Plus: The House votes to create a select committee to investigate January 6.

Happy Thursday! We are somehow already in the seventh month of 2021. How is this possible?

Quick Hits: Today’s Top Stories

  • The House of Representatives voted almost entirely along party lines to form a select committee to investigate the January 6 riots at the U.S. Capitol. Two Republicans—Reps. Liz Cheney and Adam Kinzinger—voted in favor.

  • The NCAA on Wednesday announced the reversal of its longstanding policy preventing student athletes from profiting off their names, images, and likenesses. The new rules go into effect today.

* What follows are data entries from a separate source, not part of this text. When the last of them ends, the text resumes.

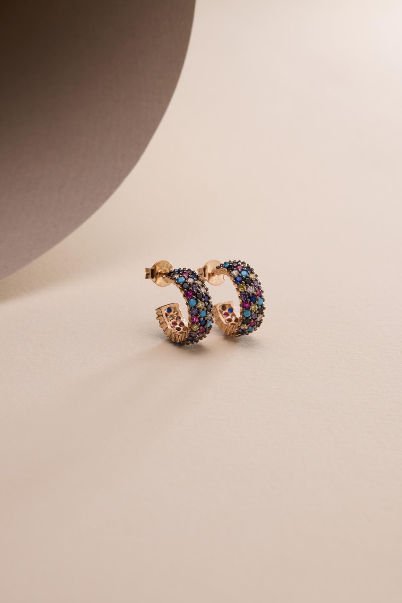 925 Ayar Gümüş Rose Kaplama 3 Sıra Mix Taşlı Yarım Tur Küpe
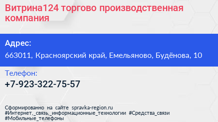 Витрина124, торгово-производственная компания по адресу 663011, Красноярский край, Емельяново, Будёнова, 10 в дальнейшем Организация, размещена в следующих категориях:
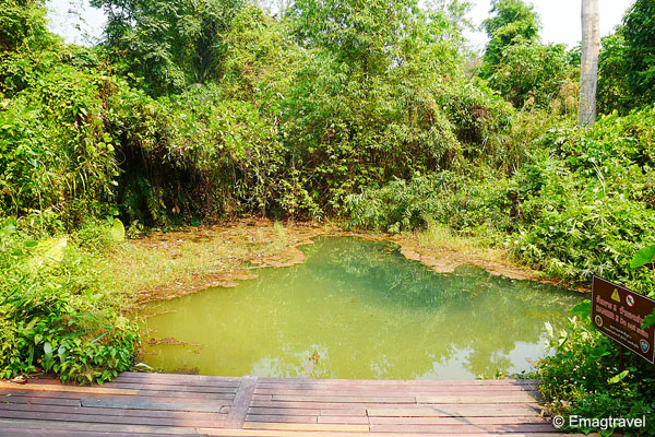 เดินไปได้ประมาณครึ่งทางก็จะเจอกับ “บ่อซับน้ำอุ่นภูซาง” เป็นต้นกำเนิดน้ำอุ่นที่ไหลไปยังน้ำตกภูซาง บ่อมีความลึก 5 เมตร กว้าง 10 เมตร อุณหภูมิในน้ำประมาณ 35 องศาเซลเซียส (ไม่ค่อยร้อน)
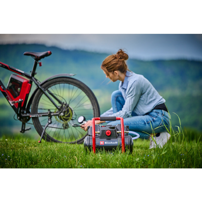The Einhell PXC 36V Cordless Air Compressor 6L is a portable, battery-powered compressor designed for professional and DIY use where mobility and convenience are essential. Its oil-free pump ensures maintenance-free operation, while the 36V lithium-ion battery compatibility provides cordless freedom.
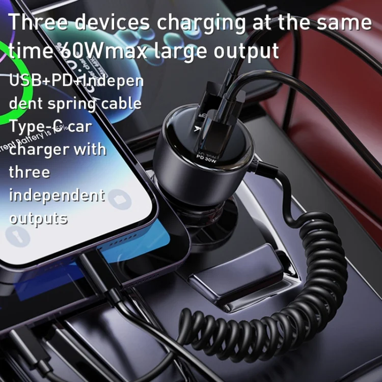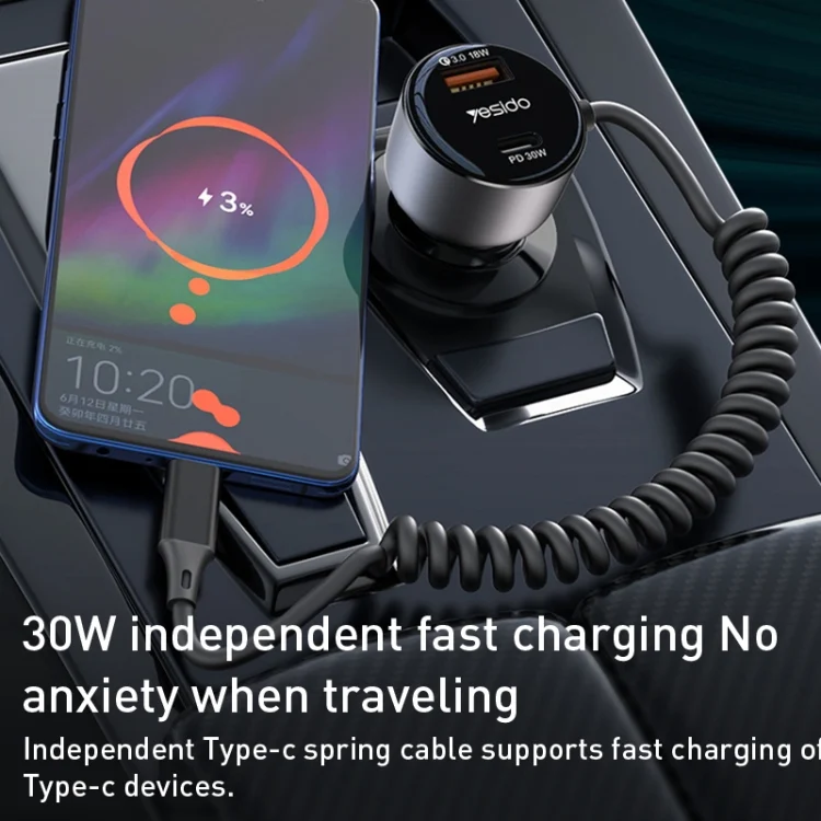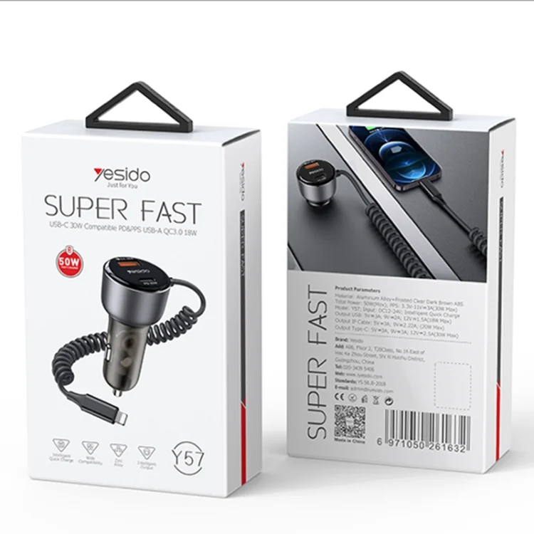 Yesido Y57 50W PD + QC3.0 Dual Port Car Charger with 8 Pin Spring Data Cable
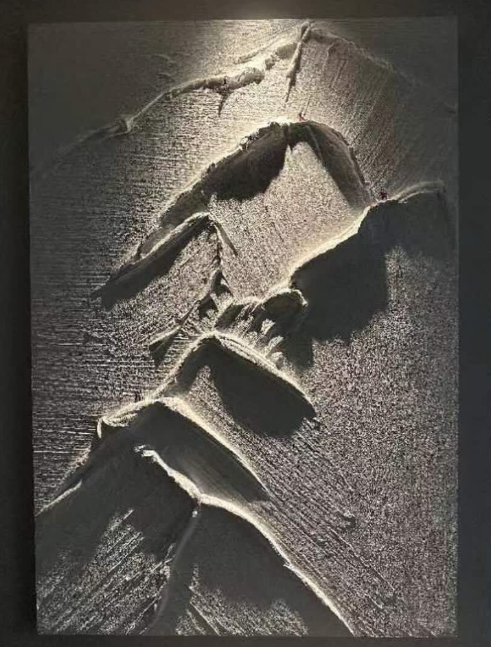 This textured painting is a masterpiece of minimalist design. The white mountain strokes are bold and expressive, creating a serene focal point in our hallway. The abstract style blends beautifully with our neutral palette. Delivery was smooth and the packaging was secure.
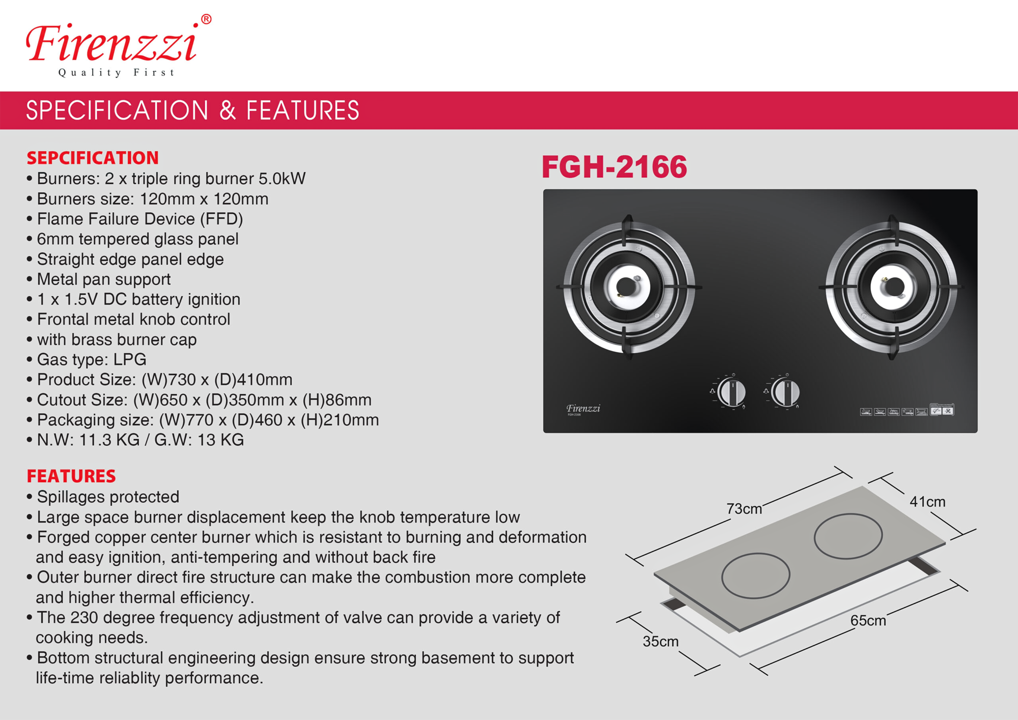 - Cutout Size: (W)650 x (D)350mm x (H)86mm
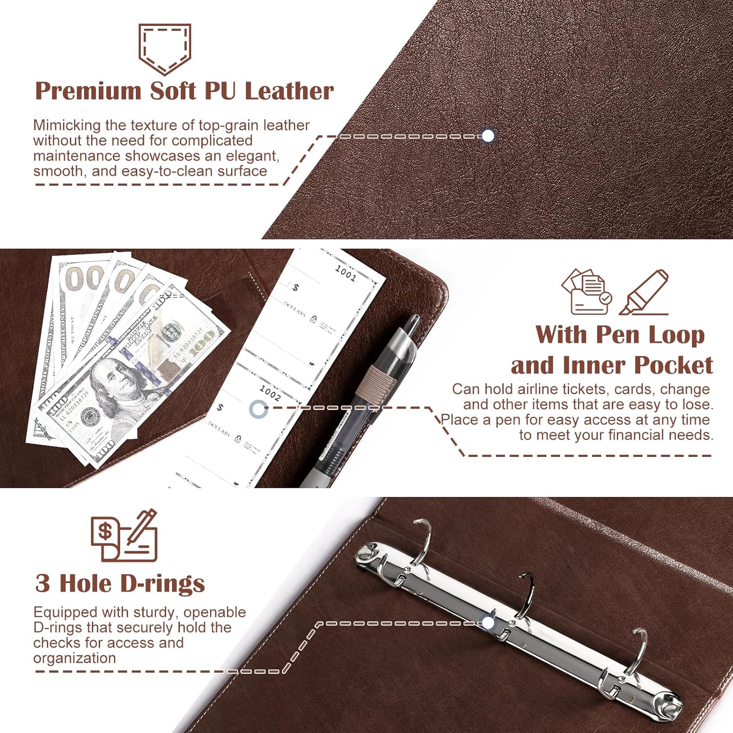 - Fashionable Hues:3 Rings check binder for end-stub deskbook checks utilizing distinctive dark brown as the primary color, this hue exudes a sense of understated elegance. Coupled with a high-quality PU material exterior, the delicate texture of the leather complements the grace of dark brown, adding a unique touch of confidence and charm to your presence in various business settings.
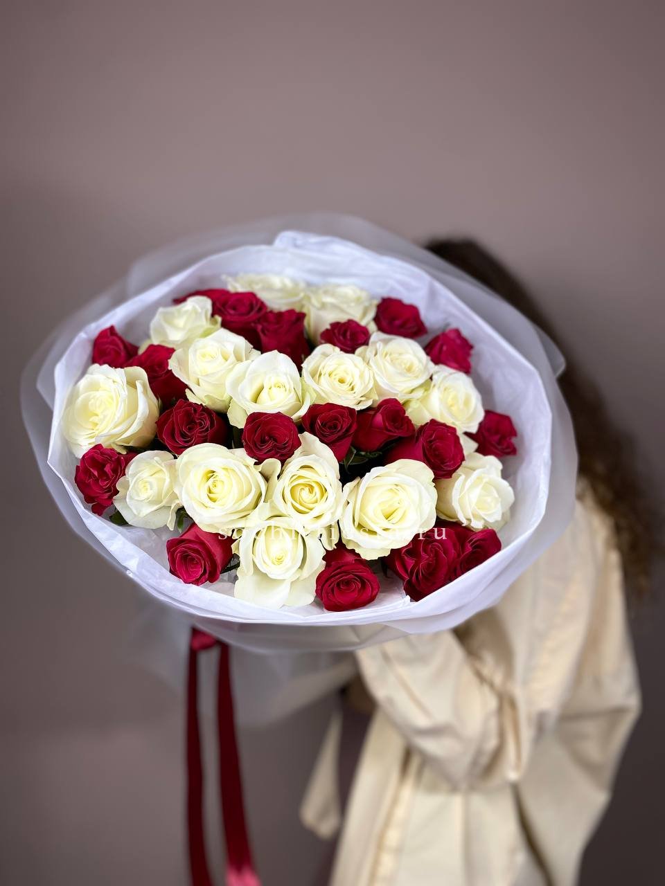 В составе 15 красно-белых роз.
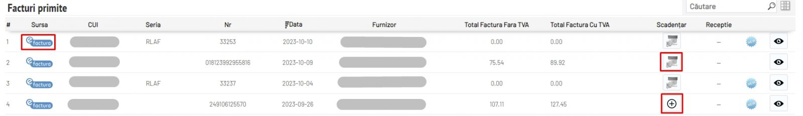 În coloana Sursa este afișată o iconiță cu sursa facturii:
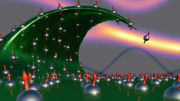 Магнетизм таких материалов, как железо или никель, возникает из-за «крошечных магнитов», связанных с их атомами, — так называемых атомных спинов. В магнитных материалах спины соседних атомов движутся согласованно, создавая коллективные колебания. Эти колебания известны как спиновые волны, или магноны.
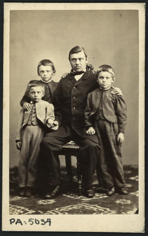 • Visitkortsfotografi. Porträtt av okänd man med sina söner.
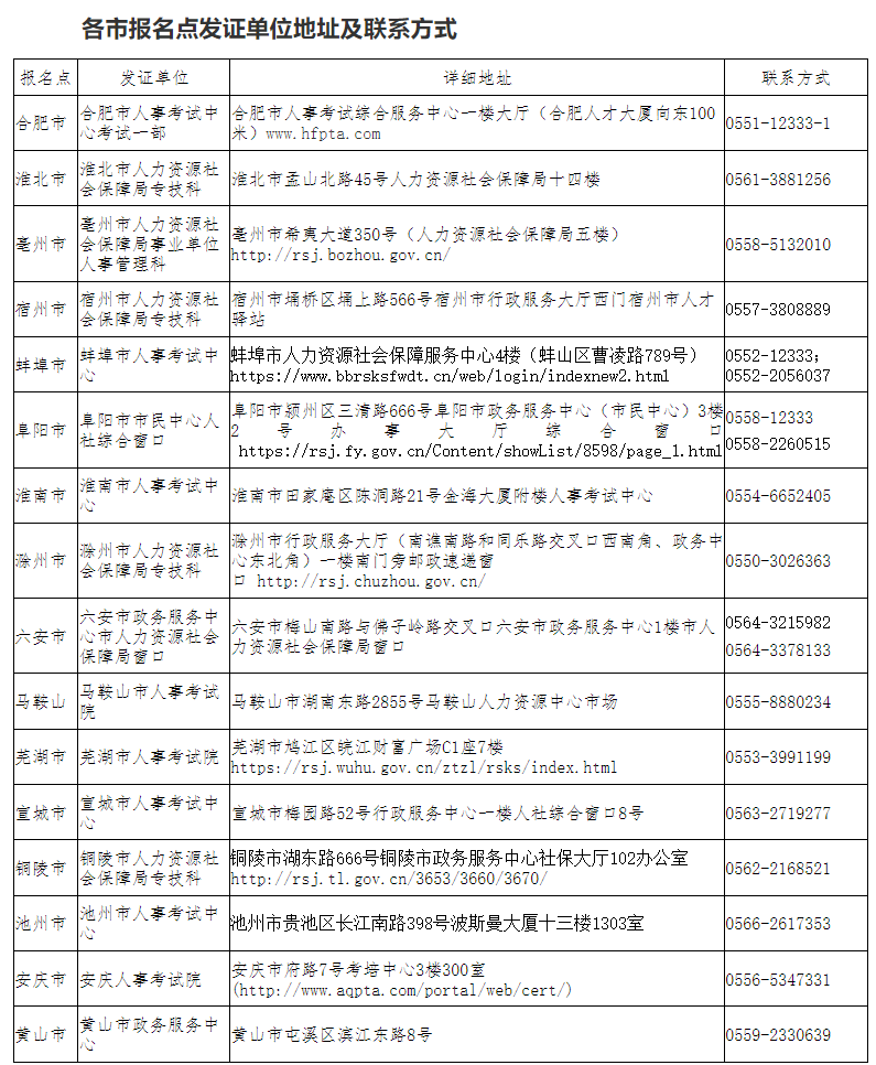 附:各市報(bào)名點(diǎn)發(fā)證單位地址及聯(lián)系方式

  • The New York Times reports that a grand jury in Manhattan has indicted the Trump Organization and its chief financial officer in connection to a tax investigation. The indictment is expected to be unsealed later today.

  • The official death toll in the Surfside, Florida, condominium collapse had risen to 18 as of Wednesday evening, and approximately 145 people remain unaccounted for as the rescue mission continues into its seventh day.

  • The Pennsylvania Supreme Court on Tuesday overturned Bill Cosby’s 2018 indecent assault conviction on the grounds that prosecutors had violated his rights against self-incrimination. The decision allowed the comedian to walk free after serving three years of his three-to-10-year sentence for drugging and assaulting Andrea Constand in 2004. A total of 60 women have come forward with similar allegations.

  • Donald Rumsfeld, secretary of defense under former presidents Gerald Ford and George W. Bush, died Wednesday at the age of 88.

  • Mississippi State beat defending national champion Vanderbilt 9-0 in Game 3 of the 2021 College World Series last night, landing the Bulldogs their first national championship in any team sport. 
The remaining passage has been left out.